Re: long-standing data loss bug in initial sync of logical replication

From: Shlok Kyal <shlok(dot)kyal(dot)oss(at)gmail(dot)com>
To: "Hayato Kuroda (Fujitsu)" <kuroda(dot)hayato(at)fujitsu(dot)com>
Cc: Masahiko Sawada <sawada(dot)mshk(at)gmail(dot)com>, vignesh C <vignesh21(at)gmail(dot)com>, Nitin Motiani <nitinmotiani(at)google(dot)com>, Andres Freund <andres(at)anarazel(dot)de>, PostgreSQL Hackers <pgsql-hackers(at)lists(dot)postgresql(dot)org>, Amit Kapila <amit(dot)kapila16(at)gmail(dot)com>
Subject: Re: long-standing data loss bug in initial sync of logical replication
Date: 2024-10-07 11:15:03
Message-ID: CANhcyEUcmzFRcHre_1G7OiuKs98-9qbd8UQsfJHf3qE6TB8nrg@mail.gmail.com
Views: Raw Message | Whole Thread | Download mbox | Resend email
Thread:
Lists: pgsql-hackers

On Fri, 4 Oct 2024 at 12:52, Shlok Kyal <shlok(dot)kyal(dot)oss(at)gmail(dot)com> wrote:
>
> Hi Kuroda-san,
>
> Thanks for reviewing the patch.
> >
> > 1.
> > I feel the name of SnapBuildDistributeNewCatalogSnapshot() should be updated because it
> > distributes two objects: catalog snapshot and invalidation messages. Do you have good one
> > in your mind? I considered "SnapBuildDistributeNewCatalogSnapshotAndInValidations" or
> > "SnapBuildDistributeItems" but seems not good :-(.
>
> I have renamed the function to 'SnapBuildDistributeSnapshotAndInval'. Thoughts?
>
> > 2.
> > Hmm, still, it is overengineering for me to add a new type of invalidation message
> > only for the publication. According to the ExecRenameStmt() we can implement an
> > arbitrary rename function like RenameConstraint() and RenameDatabase().
> > Regaring the ALTER PUBLICATION OWNER TO, I feel adding CacheInvalidateRelcacheAll()
> > and InvalidatePublicationRels() is enough.
>
> I agree with you.
>
> >
> > I attached a PoC which implements above. It could pass tests on my env. Could you
> > please see it tell me how you think?
>
> I have tested the POC and it is working as expected. The changes look
> fine to me. I have created a patch for the same.
> Currently, we are passing 'PUBLICATION_PART_ALL' as an argument to
> function 'GetPublicationRelations' and
> 'GetAllSchemaPublicationRelations'. Need to check if we can use
> 'PUBLICATION_PART_ROOT' or 'PUBLICATION_PART_LEAF' depending on the
> 'publish_via_partition_root' option. Will test and address this in the
> next version of the patch. For now, I have added a TODO.

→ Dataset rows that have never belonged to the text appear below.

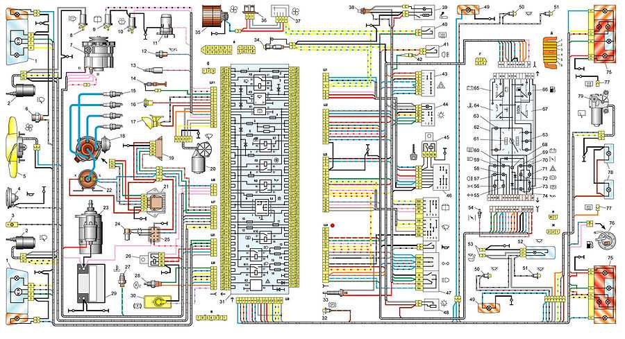 1 – блок-фара; 2 – моторедуктор очистителя фары*; 3 – выключатель подкапотной лампы; 4 – звуковой сигнал; 5 – электродвигатель вентилятора системы охлаждения двигателя; 6 – датчик включения электродвигателя вентилятора; 7 – генератор; 8 – электромагнитный клапан включения омыва фар*; 9 – электромагнитный клапан включения омыва заднего стекла* (на ВАЗ-21099 не устанавливается); 10 – электромагнитный клапан включения омыва ветрового стекла; 11 – электродвигатель омывателя стекол; 12 – датчик контрольной лампы давления масла; 13 – электромагнитный клапан карбюратора; 14 – концевой выключатель карбюратора; 15 – свечи зажигания; 16 – штепсельная розетка для переносной лампы; 17 – подкапотная лампа; 18 – датчик-распределитель зажигания; 19 – блок управления электромагнитным клапаном карбюратора; 20 – моторедуктор очистителя ветрового стекла; 21 – коммутатор; 22 – катушка зажигания; 23 – стартер; 24 – датчик верхней мертвой точки 1-го цилиндра**; 25 – колодка диагностики**; 26 – реле включения стартера; 27 – датчик указателя температуры охлаждающей жидкости; 28 – выключатель света заднего хода; 29 – аккумуляторная батарея; 30 – датчик уровня тормозной жидкости; 31 – монтажный блок; 32 – выключатель контрольной лампы стояночного тормоза; 33 – выключатель стоп-сигнала; 34 – лампа освещения вещевого ящика; 35 – электродвигатель вентилятора отопителя; 36 – дополнительный резистор электродвигателя отопителя; 37 – переключатель вентилятора отопителя; 38 – лампа подсветки рычагов отопителя; 39 – прикуриватель; 40 – выключатель обогрева заднего стекла; 41 – выключатель заднего противотуманного света; 42 – предохранитель цепи противотуманного света; 43 – выключатель аварийной сигнализации; 44 – выключатель наружного освещения; 45 – реле зажигания; 46 – выключатель зажигания; 47 – подрулевой переключатель; 48 – выключатель освещения приборов; 49 – боковой указатель поворота; 50 – выключатель плафона на стойке передней двери; 51 – выключатель плафона на стойке задней двери (на ВАЗ-2108 и ВАЗ-21083 – не устанавливались); 52 – плафон; 53 – колодки для подключения к плафону индивидуального освещения салона; 54 – выключатель контрольной лампы воздушной заслонки карбюратора; 55 – контрольная лампа указателей поворота; 56 – контрольная лампа наружного освещения; 57 – контрольная лампа заднего противотуманного света; 58 – резервная контрольная лампа; 59 – контрольная лампа дальнего света фар; 60 – контрольная лампа обогрева заднего стекла; 61 – спидометр; 62 – комбинация приборов; 63 – лампы освещения комбинации приборов; 64 – указатель температуры охлаждающей жидкости; 65 – вольтметр; 66 – указатель уровня топлива с контрольной лампой резерва; 67 – эконометр; 68 – лампа табло «STOP»; 69 – контрольная лампа заряда аккумуляторной батареи; 70 – контрольная лампа воздушной заслонки карбюратора; 71 – контрольная лампа аварийной сигнализации; 72 – контрольная лампа уровня тормозной жидкости; 73 – контрольная лампа стояночного тормоза; 74 – контрольная лампа давления масла; 75 – задний фонарь; 76 – датчик указателя уровня и резерва топлива; 77 – колодки для подключения к элементу обогрева заднего стекла; 78 – фонари освещения номерного знака; 79 – моторедуктор очистителя заднего стекла* (на ВАЗ-21099 не устанавливались)
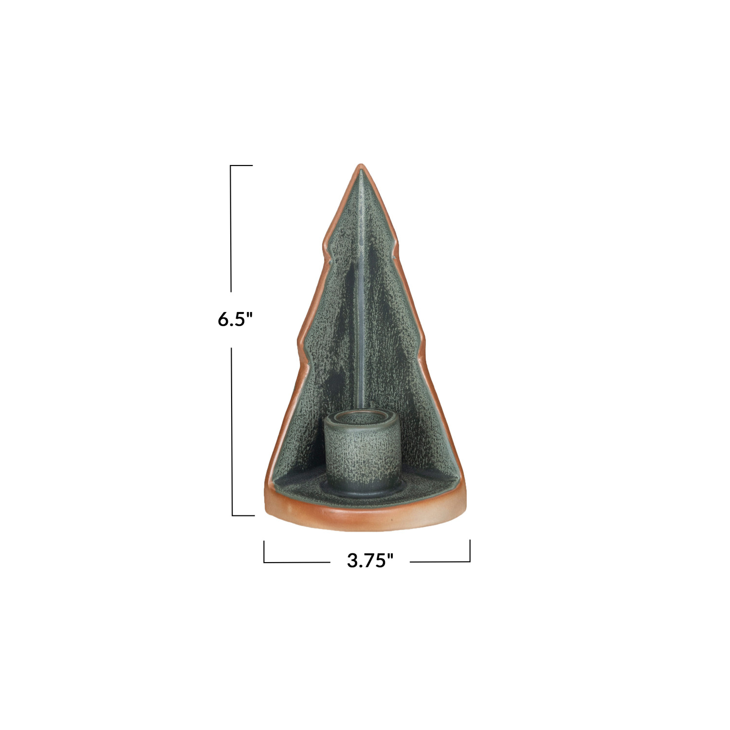 This stoneware tree taper candleholder is a fusion of natural beauty and artistic design. Standing at 6.5 inches tall, with a base 3.75 inches long and 3.5 inches wide, it's a significant presence in any room. The reactive glaze in shades of green, alongside the unglazed portions, gives each candleholder a one-of-a-kind look, ensuring that every piece is unique. Whether lit or unlit, it's a captivating addition to the decor. The intricate details of the tree branches and leaves add a touch of elegance to the overall design. Perfect for creating a cozy and inviting atmosphere in any home, this candleholder is sure to be a conversation starter among guests. A compact stoneware tree taper candleholder with a reactive glaze in verdant green, paired with unglazed sections for a rustic touch. An artistic addition that brings the tranquility of the forest into the home with its tree-like silhouette. Ideal for creating a peaceful ambiance, perfect for seasonal displays or as a year-round decorative element.
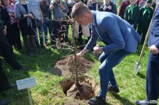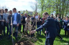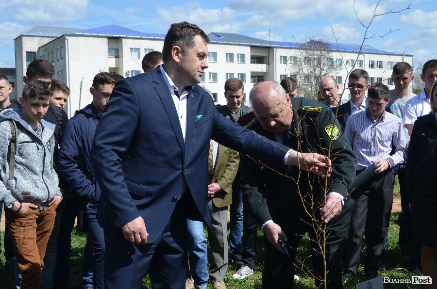 Сьогодні посадили три символічні дерева – бук лісовий, дуб звичайний та липу дрібнолисту. Днем раніше на території вишу першокурсники лісогосподарського факультету спеціальності «Лісове господарство» висадили більше півсотні дерев.
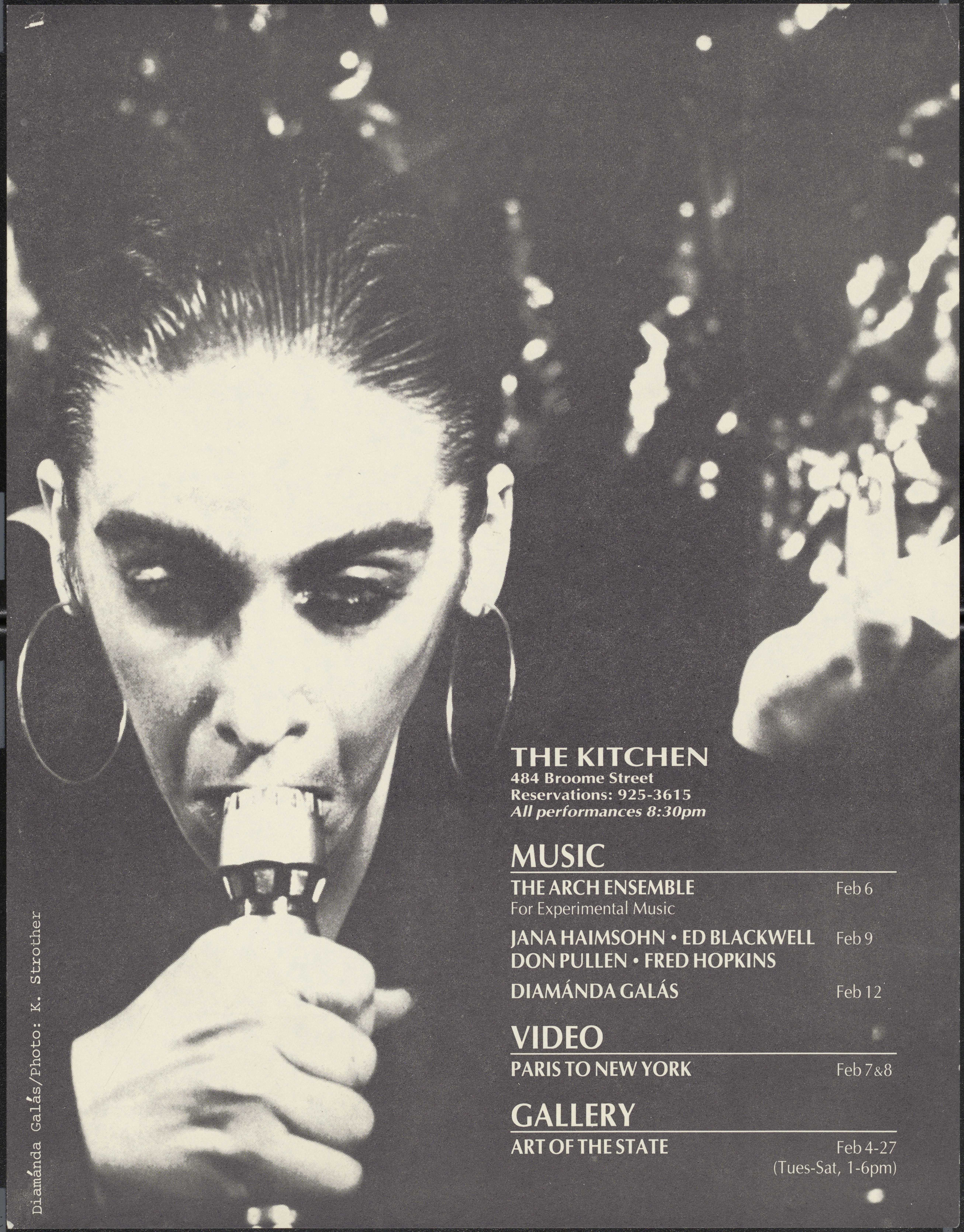 February 1982 Poster Calendar with a picture of Diamánda Galás by K. Strother. The month featured MUSIC programs with The Arch Ensemble, Jana Haimsohn and Ed Blackwell, Don Pullen and Fred Hopkins, and Diamánda Galás. There was a video program titled "Paris to New York" and the show "Art of the State" was in the gallery.

I have tested this part. I observed that ,whenever we insert data in a
partition table, the function 'get_rel_sync_entry' is called and a
hash entry is created for the corresponding leaf node relid. So I feel
while invalidating here we can specify 'PUBLICATION_PART_LEAF' . I
have made the corresponding changes 0002 patch.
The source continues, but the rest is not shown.